‘Women want to expand, to expand the love of others and to love their children” said Barbara DeAngelis.
However, many feel forced to to contract by the realities of life. The single minded, contracted, focus of masculine society.
Each dimension of the human experience is very important.
“Women are always navigating the inner world” she said. However, some have lost touch with it
Iranian born, Ellie Drake, founder of BraveHeartWomen, is one woman who felt disempowered by the hard driving masculine focus of the outer world
A doctor, she found that women could find greater drive and power by accessing their feminine nature.
Why? The answer, according to Ellie, who is a qualified doctor, is oxytocin.
While sex differences could emerge in real-world situations, says Jennifer Bartz, a psychologist at Mount Sinai Medical School in New York, more research is needed she said.
However, there are some intriguing hints.
A new study shows that men and women who inhale a whiff of the hormone oxytocin rate strangers as more attractive.
A chemical best known for cementing the bond between a mother and her newborn child could also play a part in picking mister (or miss) right reports New Scientist.
When oxytocin courses through our blood, “we are more likely to see people we don’t know in a more positive light,” says psychologist Angeliki Theodoridou, of the University of Bristol, UK.
This effect adds to the hormone’s known role in human relationships. One previous study found that oxytocin levels spike after new mothers look at or touch their newborns and may help bonding.
The study was published in Hormones and Behavior.
New Scientist reports that adults administered with the hormone make overly generous offers in an economic game that measures trust, while men who got a dose of oxytocin proved better at remembering the faces of strangers a day later, compared to a placebo.
Theodoridou’s study gave 96 men and women either a spritz of oxytocin or a placebo in a double-blind trial.
The participants then rated pictures of 48 men and women for attractiveness and 30 for trustworthiness. They also tested for mood.

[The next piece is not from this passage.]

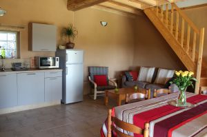 Gîte Maison de 65 m², 3 pièce(s) Vue sur jardin campagne Séjour/cuisine - Mezzanine - 1 Salle de bains - 1 WC. 2 Chambres - 2 lits de 2 personnes - 1 lit de 1 personne - 1 canapé

No matter the sex or mood of the volunteers, those who received oxytocin rated sboth male and female strangers as more attractive and more trusting.
The study did not test how oxytocin affected peoples social judgements. However, she speculates oytocin dampens brain activity in the amygdale, responsible for processing fearful emotions,
“A previous study found that oxytocin tempered amygdala activation in volunteers who saw a face that had previously been paired with a slight shock” wrote New Scientist.
Although there are marketed sprays claiming to attract the love of your life, their only proof comes from testimonials and they could simply be the placebo effect.